Вторжение
Дарина держится невидимкой рядом с бюстом грека в искусно выделанной тоге – похоже, над драпировкой скульптор корпел дольше, чем над головой. Юное лицо со сколотым носом, в рамке наспех обработанных долотом кудрей. Зрачки – что редкость! – словно небрежно пробурили две темные лунки в толще льда. Не император, не воин, так, безымянный малый. Любимчиков у Дарины не водилось, но, когда в День Возвращения она сорвала с него маску, ей показалось, что он улыбается. После объявления о карантине они с Еленой Николаевной баловались («шестьдесят лет – ума нет»): в шутку нацепили голубые намордники на всех подряд, даже на лань Артемиды. Не верили, что будут месяцами обновлять страничку сайта, словно опасаясь, что их могут не предупредить, и читать: «Сегодня: закрыто для посещения».
– Скоро уже баба безрукая? – бормочет старик, который не снял шляпы.

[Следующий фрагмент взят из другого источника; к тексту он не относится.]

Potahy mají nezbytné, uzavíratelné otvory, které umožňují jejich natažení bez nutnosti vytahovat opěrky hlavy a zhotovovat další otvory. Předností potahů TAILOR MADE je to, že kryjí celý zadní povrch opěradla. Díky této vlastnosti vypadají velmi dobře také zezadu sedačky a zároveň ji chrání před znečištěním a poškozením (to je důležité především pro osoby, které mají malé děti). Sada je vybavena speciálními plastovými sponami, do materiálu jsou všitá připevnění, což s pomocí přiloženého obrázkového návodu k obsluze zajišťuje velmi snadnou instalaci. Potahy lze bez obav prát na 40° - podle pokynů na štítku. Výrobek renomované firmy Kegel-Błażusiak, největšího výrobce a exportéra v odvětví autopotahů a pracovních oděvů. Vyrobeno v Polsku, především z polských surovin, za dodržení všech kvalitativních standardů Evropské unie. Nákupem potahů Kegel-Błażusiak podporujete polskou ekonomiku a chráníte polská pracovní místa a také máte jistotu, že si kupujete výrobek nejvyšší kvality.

Из-за наушников никто, кроме Дарины, его не слышит. «Безрукая баба» покорно ждет в конце зала, спущенная с постамента, чтобы незрячие дотянулись до обрубков – здесь лицо уже мало кого интересует. Те, кто посмелее, хватают за грудь. Дарина больно прикусывает щеку.

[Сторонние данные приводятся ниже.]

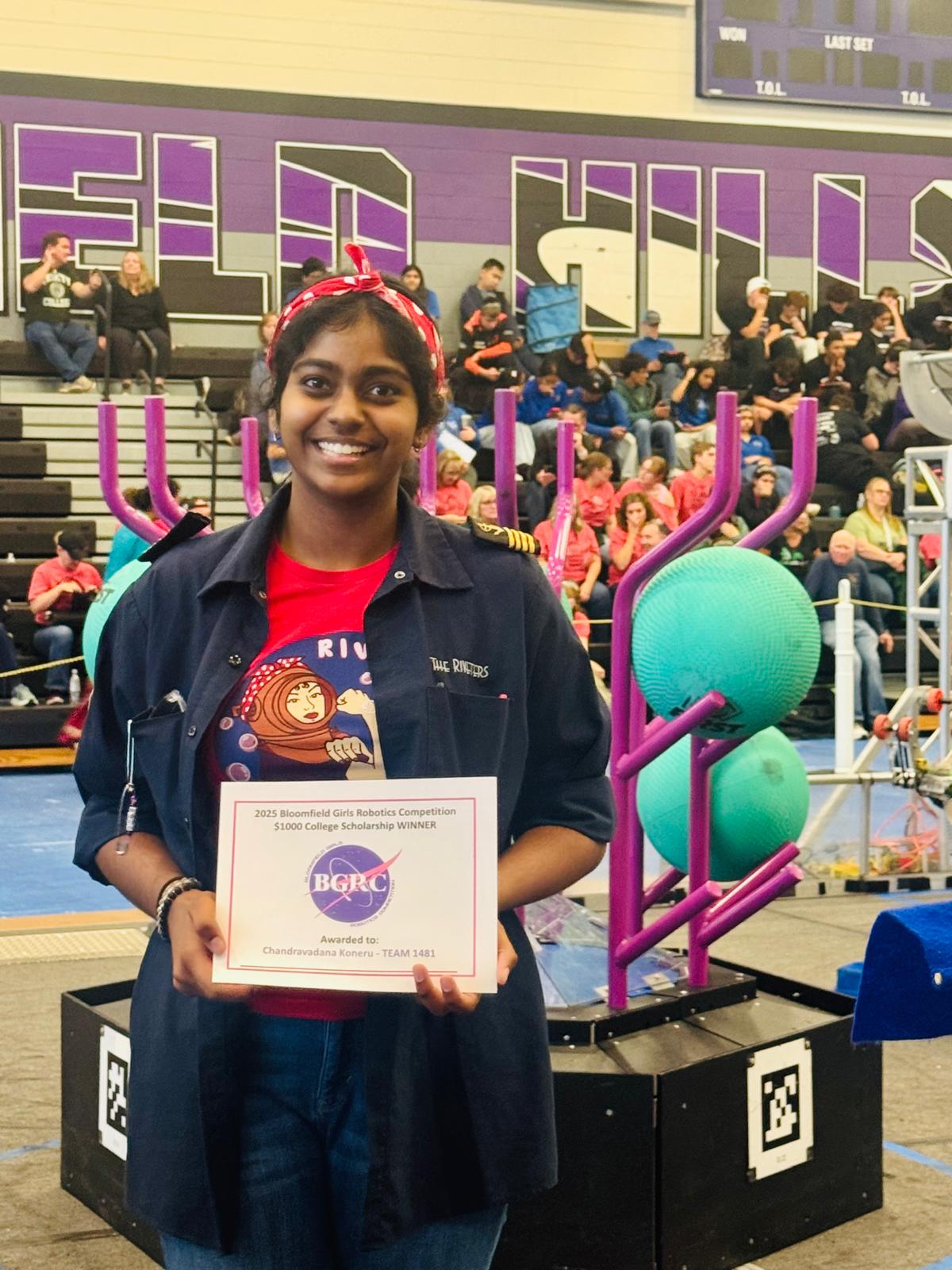 Mercy Riveters Robotics Team Captain, Student Lead, and Drive Coach, Chandravadana Koneru ’26 was honored as the first-ever recipient of the 2025 BGRC College Scholarship at the Bloomfield Hills Girls Robotics Competition. She also holds the distinction of being the first Mercy student to receive this award. Congrats Chandravadana!

Кто бы мог подумать, что великий День Возвращения превратится всего лишь в первый. На второй не вернулась Елена Николаевна, но вернулась крохотная компания выживших любителей искусства, а на третий не вернулся уже никто. Кроме Дарины и Общества слепых.
Когда ОС исчезает, зал номер двадцать четыре снова превращается в чертов морг.
Хотя нет, настоящий промозглый морг – два колючих свитера под пуховиком и остывающий за четверть часа термос – был здесь зимой, когда отключили отопление. Чтобы согреться, Дарина пробовала наворачивать круги по коридорам, но в скользящих по глянцевому полу чунях бегать было опасно. Она тогда хотела уйти, правда. Дочь звонила: «Мам, ну никому оно больше не нужно. Никто не вернется. Зачем тебе, мам?» Дарина не включала камеру, чтобы дочь не видела пара изо рта.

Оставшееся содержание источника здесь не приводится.